Survey estimates $1 billion VW-related economic cost

As she celebrates her 10-year anniversary in office, German Chancellor Angela Merkel faces two crises. While the political fallout still is uncertain, in economic terms the positive impetus from European refugee influx is due to more than offset the negative effect of the Volkswagen emissions cheating scandal. 

The expected absorption of some 800,000 asylum seekers into Germany, many fleeing the violence in Syria, will add 0.2 percentage point to annual growth next year, according to the median estimate in a Bloomberg survey of 24 economists, conducted Nov. 6-13.

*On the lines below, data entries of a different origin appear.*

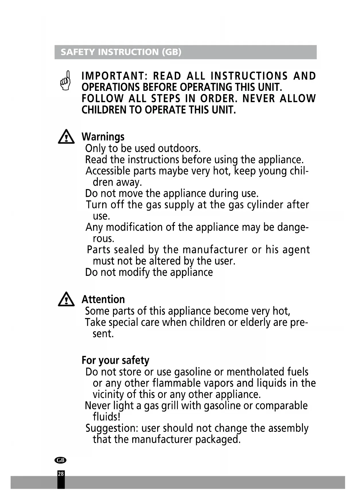 OPERATIONS BEFORE OPERATING THIS UNIT. FOLLOW ALL STEPS IN ORDER. NEVER ALLOW CHILDREN TO OPERATE THIS UNIT. Warnings Only to be used outdoors. Read the instructions before using the appliance. Accessible parts maybe very hot, keep young chil- dren away. Do not move the appliance during use. Turn off the gas supply at the gas cylinder after use. Any modification of the appliance may be dange- rous. Parts sealed by the manufacturer or his agent must not be altered by the user. Do not modify the appliance Attention Some parts of this appliance become very hot, Take special care when children or elderly are pre- sent. For your safety Do not store or use gasoline or mentholated fuels or any other flammable vapors and liquids in the vicinity of this or any other appliance. Never light a gas grill with gasoline or comparable fluids! Suggestion: user should not change the assembly that the manufacturer packaged.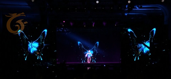 开场舞《蝶变》,引用高科技3D全息投影技术,融科技、创意、音乐、舞蹈于一体,将真实与虚拟对接,挑战视觉感官,给观众带来不一样的艺术体验。精湛的演出,艺术的震撼,亦真亦幻的多维立体效果,让在场的每一位嘉宾都沉浸在美轮美奂的虚拟景象中!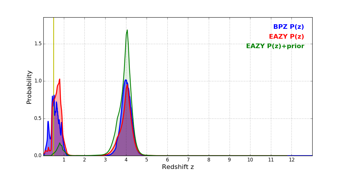 In P(z) plots: Yellow lines mark the cluster redshift z = 0.505,

The VW scandal's impact will be negligible, lowering 2016 growth by just 0.03 percentage point. Based on the IMF's October estimate of nominal German gross domestic product, the combined impact translates into roughly $6 billion in extra economic activity next year.

"The public sector directly demands more goods and services to deal with the influx of refugees and the refugees themselves boost private demand as they also spend money in Germany," said Stefan Kipar, an economist at Bayerische Landesbank in Munich. "To sum up, the refugee influx has effects comparable to an —unplanned — economic stimulus program in the short run."

The increased demands on public coffers to house and feed hundreds of thousands of refugees, however, means a planned budget surplus for 2016 has evaporated, according to several economists who participated in the Bloomberg survey.

The VW scandal's impact is slightly harder to parse out. 

"Note that repairs are positive for GDP growth, and that demand — domestic or foreign — that turns away from VW may shift to other German producers, thus being neutral for German GDP," said Timo Klein, an economist at IHS Economics in Frankfurt.

This comes amid an apparent plateau in Germany's recovery, with the economy forecast to expand 1.7 percent year-over-year in the fourth quarter and less than 2 percent annually through 2017, according to a separate Bloomberg survey.

While the economics of Germany's refugee dilemma are straightforward enough, the politics are anything but, with growing demands throughout the country — and even within Merkel's own coalition — to curb migration in the wake of the deadly Paris terrorist attacks.